Despite the age of big data, 71 per cent of organisations still rely on a single data source to analyse asset performance and risk management – instead of drawing information from multiple sources for a more comprehensive view, according to a report published by construction engineering company Lloyd’s Register at Gastech
The report, ‘Oil & Gas: Achieving operational excellence in uncertain times’ reveals the technologies US oil and gas companies currently use to manage and maintain their assets, and the methods they plan to adopt in the future.
Tim Bisley, a senior vice-president, Software at Lloyd’s Register, commented, “Although organisations often collect vast amounts of data, they remain challenged as to how to use it. Predictive maintenance is reaching new levels thanks to AI, 3D digital twins and machine learning, which derive actionable insights from huge volumes of data. The report, however, indicates the industry has been slow to adopt this type of technology, in spite of the efficiencies it brings.”
The results show that only 39 per cent of asset managers are already implementing advanced digital maintenance and risk management methods, of which 26 per cent use risk-based inspection (RBI) and 13 per cent use reliability centred maintenance (RCM).
“Achieving operational excellence is as important as ever for US businesses as they look to find ways to maintain growth in the face of any future volatility.
Extending asset life, reducing unplanned shutdowns and maximising productivity remain top priorities for asset owners - from the production platform to the refinery. Organisations should use this period of relative price stability to digitalise and if necessary, re-evaluate their approach to asset risk and performance management if they want to unlock new levels of insight,” Bisley continued.

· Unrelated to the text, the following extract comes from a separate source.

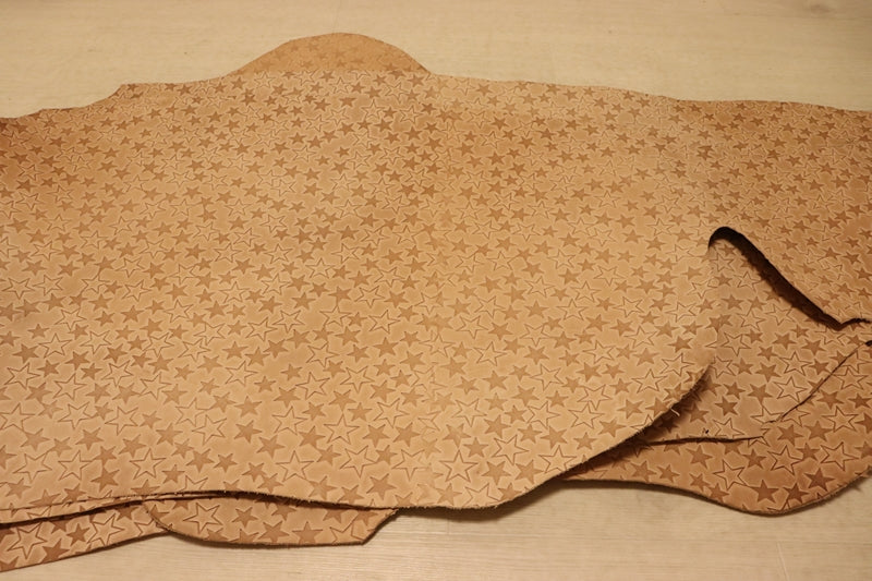 ds35円![生成り]クラフトの定番 バングラディシュレザー 牛革 ヌメ革 スター型押し 素上げ 75ds

With increasing operational complexity leading to greater operational risk, combined with continued uncertainty over the long-term stability of the industry, organisations are faced with a drive towards a new operating environment. One balancing safety, cost and efficiency, while protecting themselves from any future price fluctuations.
Despite the findings, big data, AI and machine learning are the top digital technologies most likely to be considered by asset managers seeking to transform their asset performance and future proof of their operations in the oil and gas sector.
According to data collected by Lloyd’s Register from its customer base, asset performance management systems such as AllAssets have been shown to reduce failure risk by 80 per cent and achieve operational cost savings of up to 50 per cent. Their impact could be transformational if companies can embrace advanced digital systems to provide a robust and adaptable option for the future of their assets.
About 100 asset managers in the US participated in the survey. The respondents represent a cross-section of organisations across the oil and gas industry, with 58 per cent from midstream and the rest split equally between upstream and downstream.